Vencedor do Leão de Ouro em Veneza e dirigido por Pablo
Trapero (de "Leonera" e "Elefante Branco") foca na relação pai e filho e no impacto direto em toda
família. O filme tenta traçar o perfil do patriarca Arquimedes Puccio
(Francella excelente), um ex-agente das forças ditatoriais de repressão que,
diante do novo cenário democrático, resolve manter seu padrão de vida elevado sequestrando pessoas em Buenos Aires e exigindo resgates de quase meio milhão de
dólares, tudo com o aparente silêncio de sua família que finge ignorar o que se
passa no porão da casa.
O
filme começa traçando um breve panorama político que pode ser um tanto confuso para o resto do mundo.

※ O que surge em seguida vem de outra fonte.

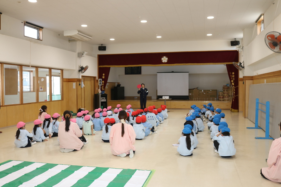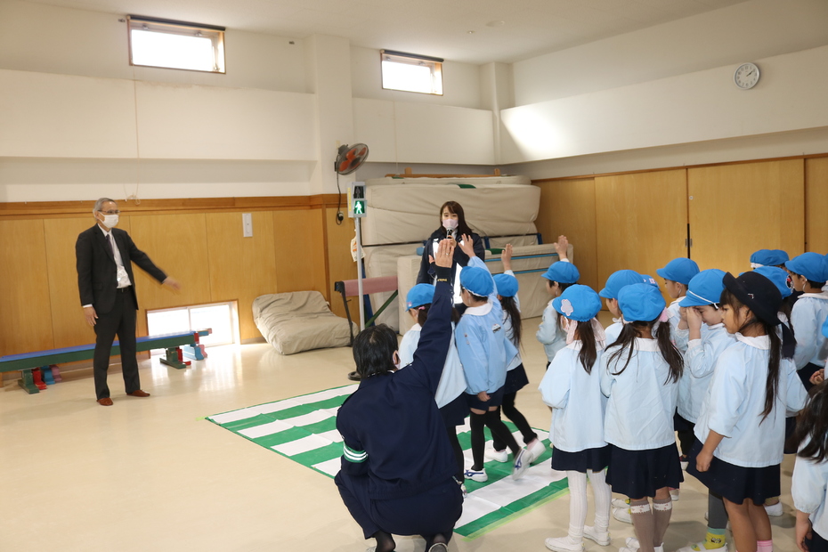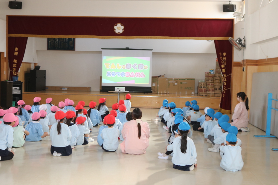 年長さんが、警察官と区役所の方から交通安全指導を受けました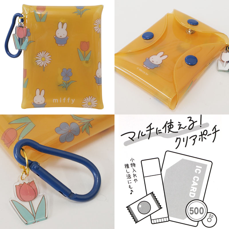 キーケースやコインケースとして、いろんな使い方が出来るマルチケース。落ち着いたイエローにミッフィーとお花の組み合わせがオシャレですね。ベルトループやバッグに取り付けられるカラビナ付きです。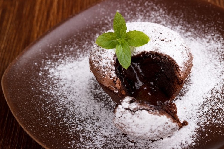 7. حددي أطراف المولتن كيك بالسكين في القوالب ثم اقلبيه على طبق التقديم.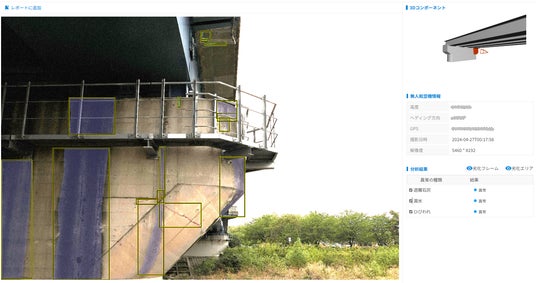 特に橋梁点検では最大7項目の劣化診断をAIが迅速に診断し、報告書作成までの一元管理を実現。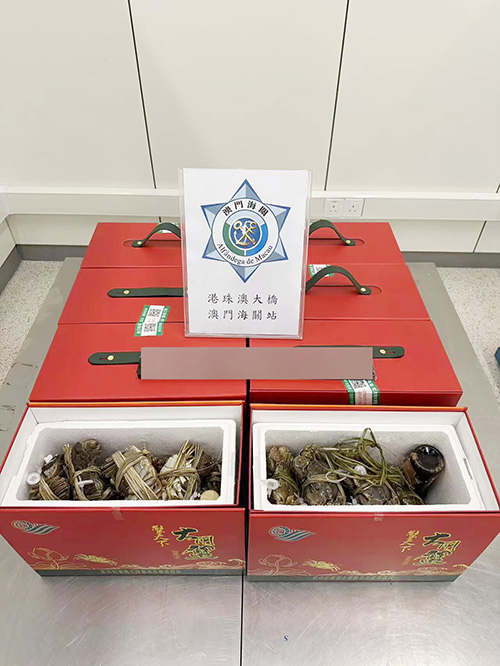 11月25日,海關人員在關閘口岸出境旅客檢查區發現一名男性澳門居民步態異常,經檢查,發現該男子將65件記憶卡藏在衣物及隨身物品內,試圖將之偷運出境。同日,海關人員透過風險管理系統的預警佈控,在港珠澳大橋澳門口岸入境車道截查一輛跨境車輛,駕駛者為男性澳門居民,經檢查,發現該男子試圖將38公斤大閘蟹偷運入境。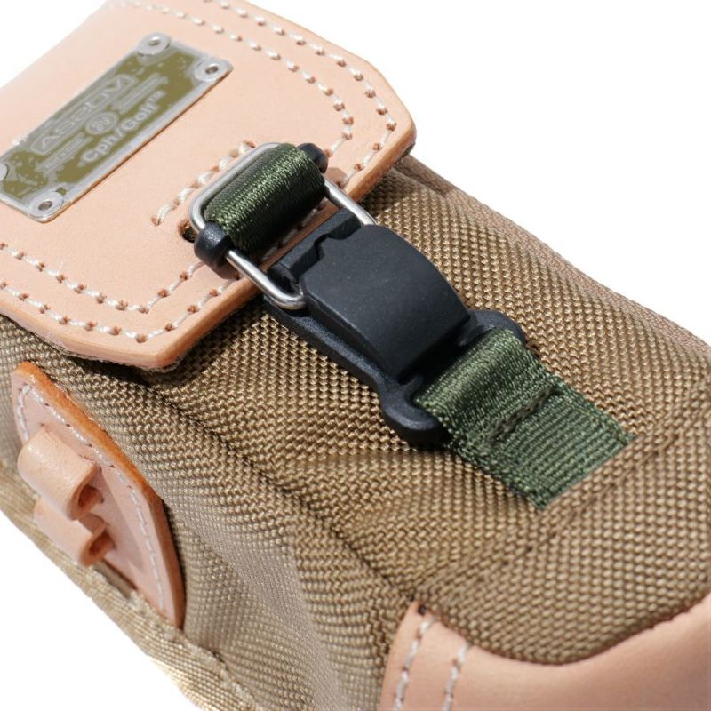 革もナイロンもデザインにおけるこだわりは盛だくさん。同時にAS2OVが本モデルに落とし込んだ利便性(機能性)はFIDLOCK社のマグネットパーツです。フラップに付くバックルはマグネット製なので簡単に開け閉めできますし。右側面につくボタンのようなパーツにはマーカーを付ける事ができます。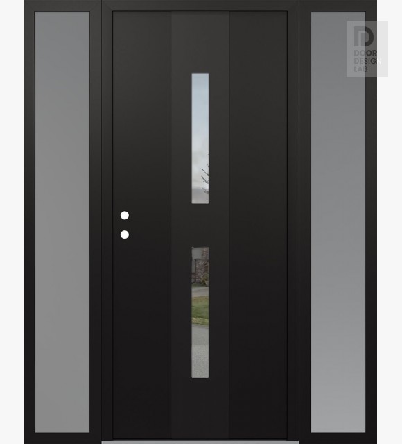 Modern Steel Front Door DIAMOND A6 68" X 80" BLACK/BLACK CLEAR GLASS PANEL BLACK LHI WITH 2 SIDELITES FROSTED GLASS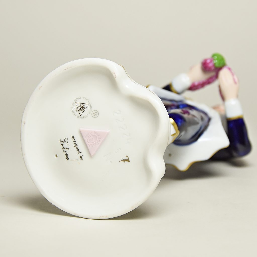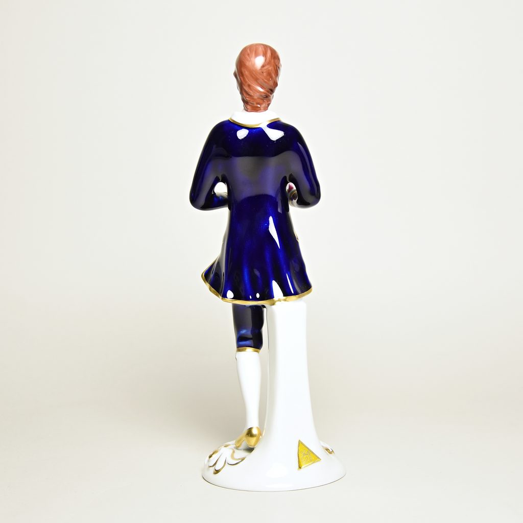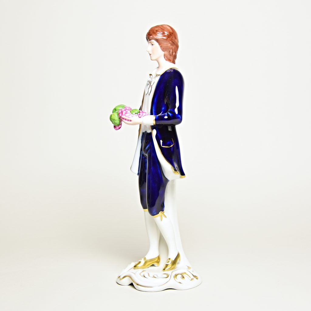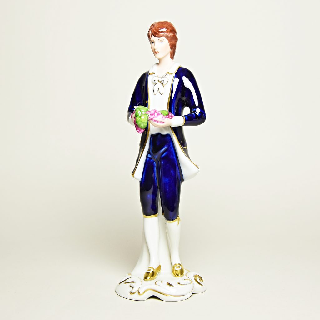 Elegant porcelain figure of "Wine grower" from the traditional Czech manufacture Duchcov (Royal Dux Bohemia). Rich golden details.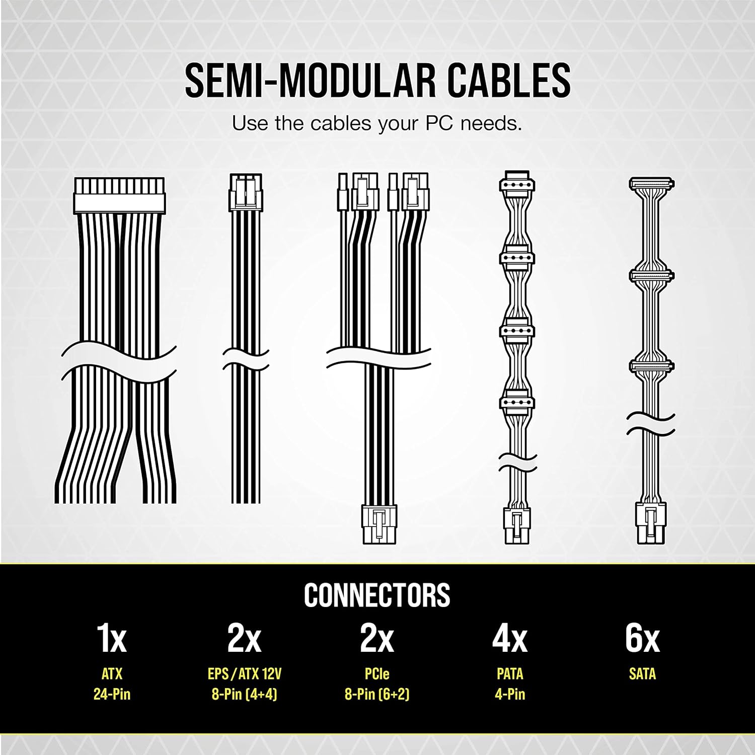 - Semi-modular cabling with Dual EPS12V connectors lets you connect only the cables you need for a clean build with easy cable management.

A breve explicação do regime, através de imagens, nem sempre situa o
espectador, logo cabe aqui uma explicação: A ditadura na Argentina ocorreu entre 1976 e
1983. As imagens iniciais mostram o último dos presidentes militares, Leopoldo
Galtieri (1981-1982), e situa a estória logo após a Guerra das Malvinas (Falklands para os britânicos),
ocorrida entre abril e junho de 1982. Com a entrada do civil Raúl Alfonsin (1983-1989), a Argentina vive novos ares e
Arquimedes e seus amigos não pertencem mais ao novo status quo. Os antigos
membros do antigo regime estão “saindo de cena”. É tempo de mudanças. A
democracia começa a enterrar a ditadura, mas os que estavam no poder nessa época
ainda mantém laços e o patriarca da família Puccio tem outros planos para
manter-se confortavelmente nessa nova
realidade.
A
pergunta que fica é: Como uma família inteira (cinco filhos e a esposa)

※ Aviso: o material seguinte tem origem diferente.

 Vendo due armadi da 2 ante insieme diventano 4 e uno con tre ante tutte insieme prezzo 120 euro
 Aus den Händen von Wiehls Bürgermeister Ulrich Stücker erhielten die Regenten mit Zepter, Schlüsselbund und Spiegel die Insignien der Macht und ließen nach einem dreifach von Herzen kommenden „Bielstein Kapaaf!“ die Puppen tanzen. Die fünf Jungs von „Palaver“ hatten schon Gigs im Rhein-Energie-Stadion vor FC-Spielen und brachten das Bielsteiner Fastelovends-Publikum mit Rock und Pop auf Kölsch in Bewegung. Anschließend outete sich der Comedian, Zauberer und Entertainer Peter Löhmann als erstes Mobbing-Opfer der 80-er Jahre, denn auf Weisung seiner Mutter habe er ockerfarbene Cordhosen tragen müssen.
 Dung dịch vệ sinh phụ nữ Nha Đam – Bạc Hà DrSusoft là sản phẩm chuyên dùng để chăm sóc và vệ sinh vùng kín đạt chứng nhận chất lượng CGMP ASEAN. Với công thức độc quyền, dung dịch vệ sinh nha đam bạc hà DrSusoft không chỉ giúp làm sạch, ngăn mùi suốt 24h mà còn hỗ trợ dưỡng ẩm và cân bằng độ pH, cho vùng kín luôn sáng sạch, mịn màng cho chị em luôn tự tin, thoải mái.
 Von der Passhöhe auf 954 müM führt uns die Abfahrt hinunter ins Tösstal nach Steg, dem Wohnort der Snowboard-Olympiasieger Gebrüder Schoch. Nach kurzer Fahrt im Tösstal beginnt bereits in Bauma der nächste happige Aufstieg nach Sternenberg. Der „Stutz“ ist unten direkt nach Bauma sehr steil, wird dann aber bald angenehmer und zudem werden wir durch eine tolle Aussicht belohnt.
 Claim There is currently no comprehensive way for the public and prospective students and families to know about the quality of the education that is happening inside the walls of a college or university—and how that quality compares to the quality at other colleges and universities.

aceitou participar de tais atos? Como puderam fechar os olhos para o que
acontecia dentro da própria casa? Como conseguiram manter a serenidade diante
dos destinos das vítimas? Trapero optou for fazer um filme com várias nuances e analogias bem sutis. O porão
da casa de Arquimedes pode ser visto como os antigos porões da ditadura. O clã funciona
como estrutura mafiosa e não por acaso alguns associaram o longa a filmes do
cineasta Martin Scorsece. A família senta à mesa no jantar e reza em agradecimento
a refeição. O cinismo de infligir dor a terceiros e ao mesmo tempo rezar pode ser
um simbolismo de uma família que em nada possui os valores cristãos, mas age
como se estivessem puros, isentos de pecados e sangue nas mãos. Desaparecimentos ocorrem e não há
(ou o filme ignorou) uma investigação, resquícios de um regime em que as
pessoas “sumiam” e nada era feito.
Filmes
que abordam a ditadura Argentina há vários: "Desaparecido – Um
Grande Mistério", "A História Oficial", "Garagem Olimpo" e, mais recentemente, "O
Segredo dos Seus Olhos'. Mas Trapero optou por abordar laços familiares.

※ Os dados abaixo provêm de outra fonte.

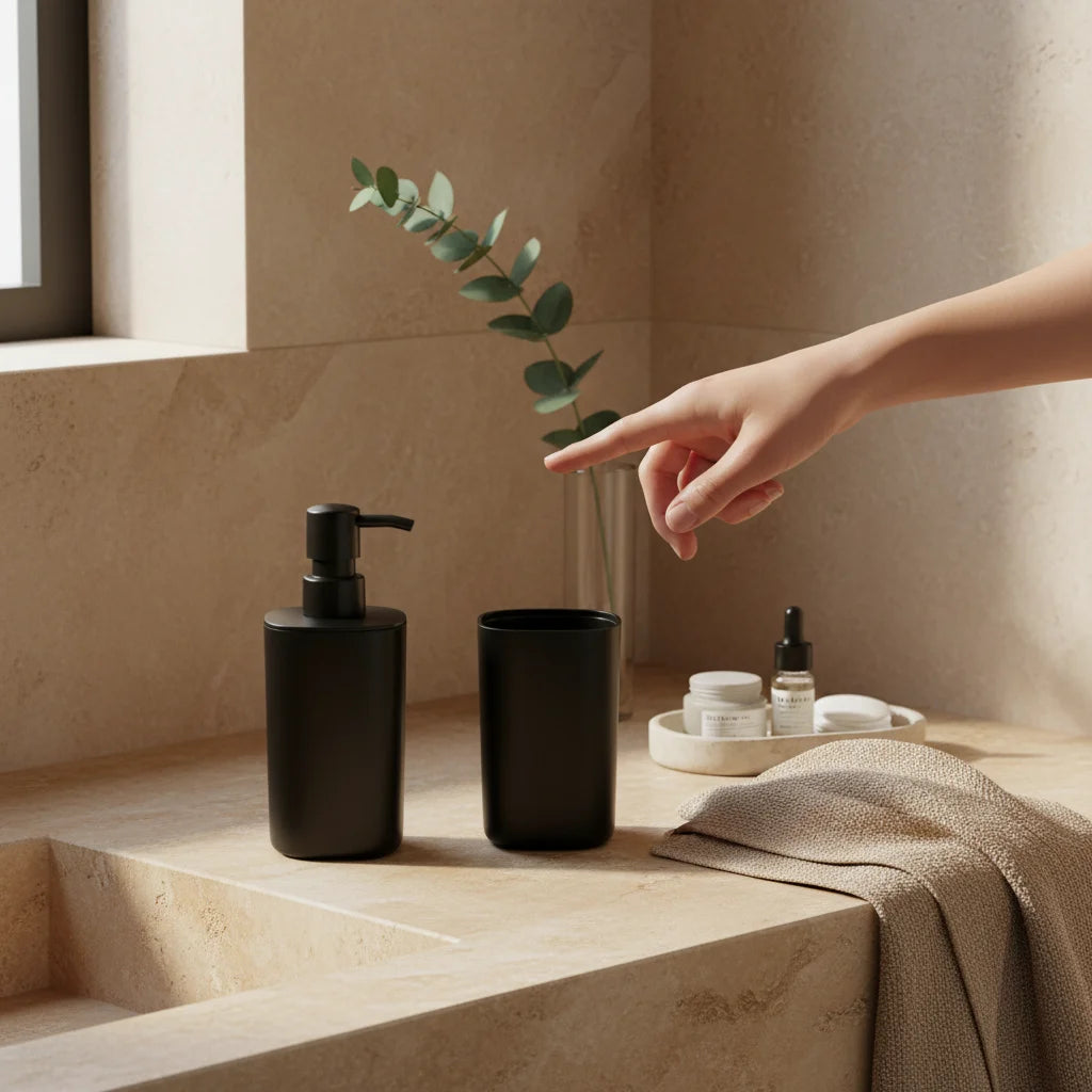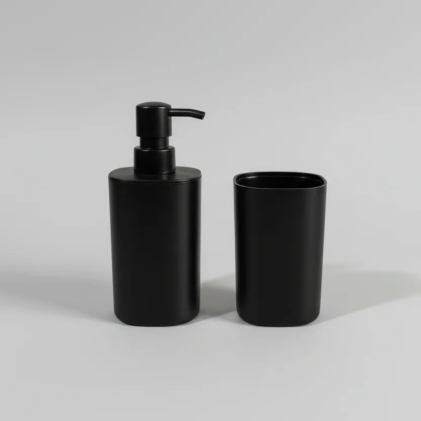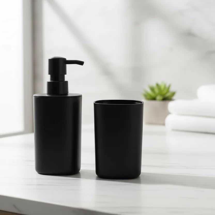 Σετ Αξεσουάρ Μπάνιου 2 Τεμαχίων Πλαστικό – Μαύρο Ματ (Dispenser & Ποτήρι)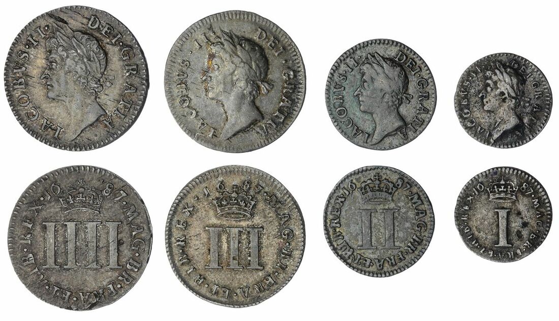 James II (1685-1688), Maundy Coins, 1687 (4), Fourpence to Penny, laureate head left, rev. crowned mark of value, edge plain (Bull 782; ESC 2382; Spink 3418) some softness to the busts, some haymarking to Fourpence and Threepence yet lustrous, otherwise all darkly toned, very fine (4)

Arquimedes recruta seu filho Alex (Peter Lanzani) em suas ações. Este começa a
entender o tipo de problema em que se meteu. Alex é um jogador de Rúgbi da
seleção Argentina e tem uma carreira promissora. Arquimedes quer a família
unida, não quer que haja uma desintegração neste seio familiar. Sua palavra é
ordem, suas ordens são obedecidas sem contestações. A família possui um
sequestrado dentro de casa e todos seguem suas rotinas: a mãe (ex-professora)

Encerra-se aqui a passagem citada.